# Moving to SF.. resources for roadie rides?



## mikeyp123 (Mar 9, 2007)

Looks like I might be moving to SF from LA soon. Will be living in the city. Can someone give me the low-down on the group rides that cater to the racers? Any online resources?

thanks!


----------



## DCTILLER (May 9, 2009)

*city racers*

plenty of teams/clubs based around the city. there used to be an evening ride in gg park ev. tues and thurs. which will hook you up with many racer types. im pretty sure that will have to wait for spring though. depending if you want to go north or south. pen velo is a pretty competitive ride. starts from 92/canada rd. in san mateo, both saturdays and sundays all year long. also in the evenings during the season. lombardis sports has a store in the city and they had a pretty strong road team. good luck.


----------



## mikeyp123 (Mar 9, 2007)

sweet, thanks.. any regular weekday morning rides?


----------



## DCTILLER (May 9, 2009)

*weekday rides*

im sure there are. not the best time of the year to be asking. i wouldnt be surprised if there wasnt a paradise loop ride. im sure there are on the weekends. im sure some of the local racers from sf way will chip in eventually.


----------



## Fogdweller (Mar 26, 2004)

mikeyp123 said:


> sweet, thanks.. any regular weekday morning rides?

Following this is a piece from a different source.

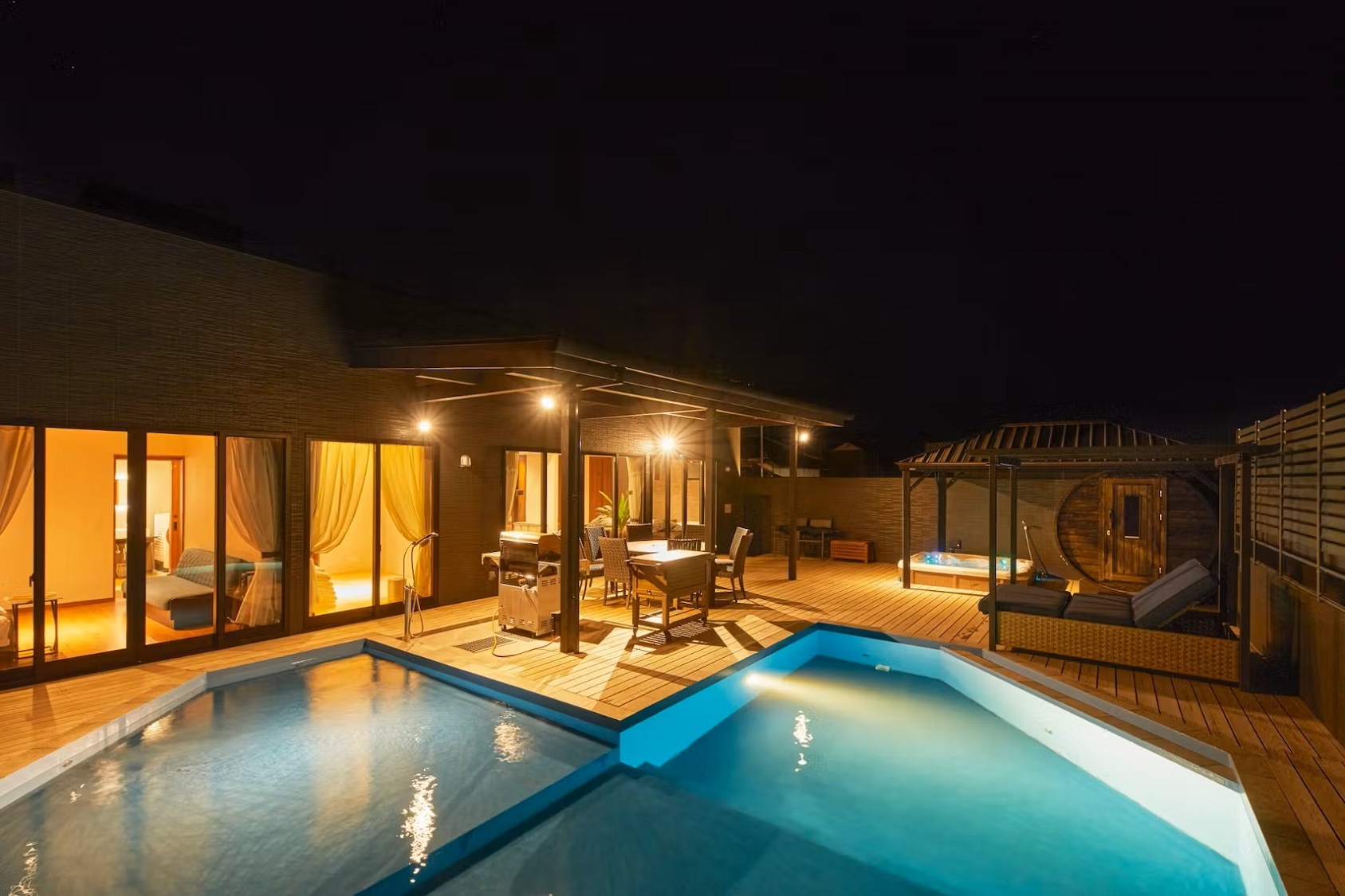 プライベートなプールとサウナを備え、他のお客様を気にすることなく、ゆったりと過ごせるのが魅力です。
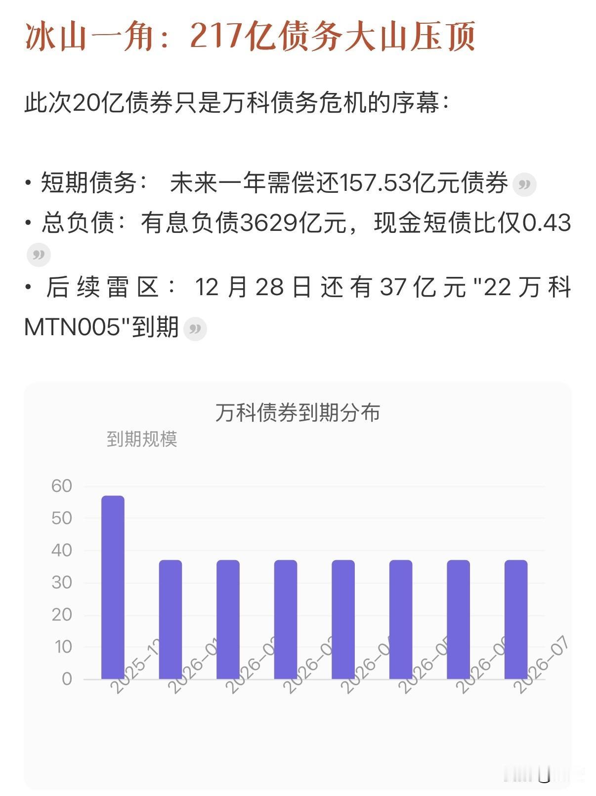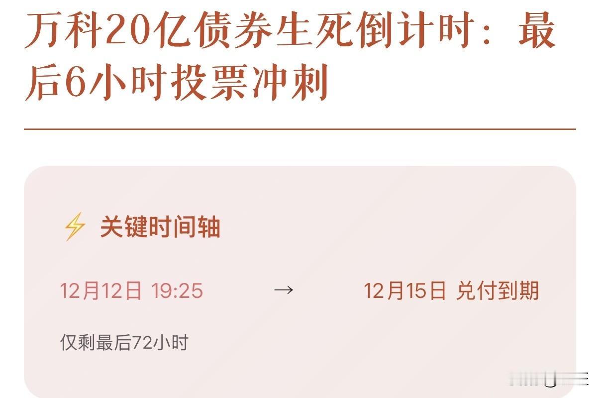 万科20亿债券生死倒计时:最后6小时投票冲刺,万科会退市吗? 12月12日 19:25→12月15日 兑付到期, 仅剩最后72小时, 投票僵局:90%门槛下的生死博弈, 截至12月12日19:25,万科正面临中国房地产史上最紧张的债券展期投票: • 已知反对票:至少3票明确反对(彭博社报道); • 通过门槛:需要90%债权人支持才能生效; • 投票截止:12月12日(今日)最后期限; • 兑付倒计时:12月15日20亿元到期,仅剩3天缓冲期。; 冰山一角:217亿债务大山压顶, 此次20亿债券只是万科债务危机的序幕: • 短期债务: 未来一年需偿还157.53亿元债券 • 总负债:有息负债3629亿元,现金短债比仅0.43 • 后续雷区:12月28日还有37亿元"22万科MTN005"到期。万科 万科资金困局 万科资金链 万科债务 万科现金流危机 a股万科

There is a group of go-faster types that leaves the south end of the bridge during the week @ 7:30. I see them rolling out on my commute as I come over the bridge. Not sure where they ride, probably do a few laps in the Marin Headlands (climber's delight) or Paradise drive but they look like fast company. I know I've seen them Tuesday mornings but they may meet other days.


----------



## orange_bikes (Jun 6, 2007)

Mission Cycling does a couple weekday rides each week. Usually T/Th. Leaves the Mission @ 6:20, Arguello Gate (Presidio) @ 6:45, South end of the bridge @ 6:55 (rolling stop). Its a quickie up to the top of the headlands and then back to Laurel Heights for coffee. Social ride with some fast racer types.

Roasters Ride, 8am Saturday from the south end of the GG bridge. ~80 miles to Pt Reyes and back. A couple very hard climbs if the group is feeling spunky. You need to be the equivalent of a decent Cat 3 to hang.

Lazy Roasters Ride, 8:30-9. Same route as above, but a bit slower and more civilized.

Local race teams with good membership in the city:
Roaring Mouse
Metromint
Dolce Vita (Marin)
Thirsty Bears
Godspeed Courier
Freewheel Bike Shop
Third Pillar (Peninsula)
Pen Velo (Peninsula)


----------